The Forgotten Art of Dinner Parties

A dish of braised and browned lamb with peaches that I cooked at home in Houston and, yes, tweeted.

A dish of braised and browned lamb with peaches that I cooked at home in Houston and, yes, tweeted.

Even people who aren't social media fans know that Twitter, Facebook, Pinterest, Instagram, and their lesser known brethren are common platforms upon which people post what they eat. Sometimes it's what they ordered at a restaurant. Sometimes it's what they cooked.

It's the latter that gets me.

With all these people talking about fantastic meals they're making—and sometimes posting photos of these dishes on social media—why aren't I invited?

What happened to the old-fashioned dinner party?

Other gatherings still happen. At-home parties tend to be game nights, wedding and baby showers, and holiday-gift exchanges. Each of these parties includes food, but it's typically snacks purchased and laid out for pass-by munching. Yummy—but not made by the host or the attendees.

I miss home-cooked, sit-down dinner parties.

As a single girl, dinner parties give me the chance to cook something interesting. Many recipes don't reheat well, so they're wasted on the solo diner. For dishes that do reheat well, there's only so much of any one item I want to eat in one week’s time. (Thank goodness for other single girls, who often swap homemade leftovers with me.)

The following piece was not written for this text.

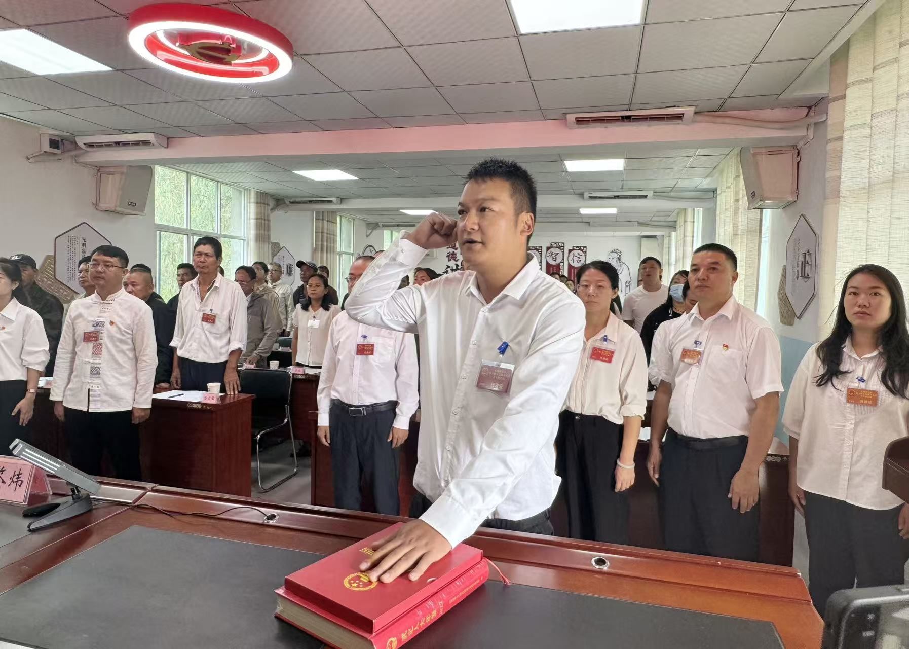 大会举行了庄严的宪法宣誓仪式,新当选的乡人大主席钱鉴炜进行宪法宣誓。

My dinner parties are small affairs—just enough people to cook for easily. I don't do anything too gourmet—just a hearty, home-cooked meal. It makes me happy to get to do something I enjoy, share it with a handful of friends, and spend quality time with them in the process.

People are so surprised at a dinner party invitation. And when they arrive, they're stunned that I cooked. At each party, someone asks, "You made this? Yourself?"

I remember my parents having six to eight people to dinner once every few months. They sent my brother and me upstairs with delivery pizza to watch television. When we were very young, they hired a babysitter to stay up there with us. Given that I remember babysitter and nonbabysitter instances, these parental dinner parties must have regularly occurred over a number of years.

What changed? Why are dinner parties a forgotten art?

Should we blame the omnipresence of restaurants, which offer an almost endless variety of professionally cooked meals at generally reasonable cost with no need to clean up? Perhaps people aren't as comfortable as they used to be with letting people into their homes? Has reality television with its mansions and millionaires--and the Food Network with its impossibly gourmet dishes--made people self conscious about their houses or their cooking?

People clearly haven't forgotten how to cook, if social media is any indication.

What do you think? What happened to dinner parties?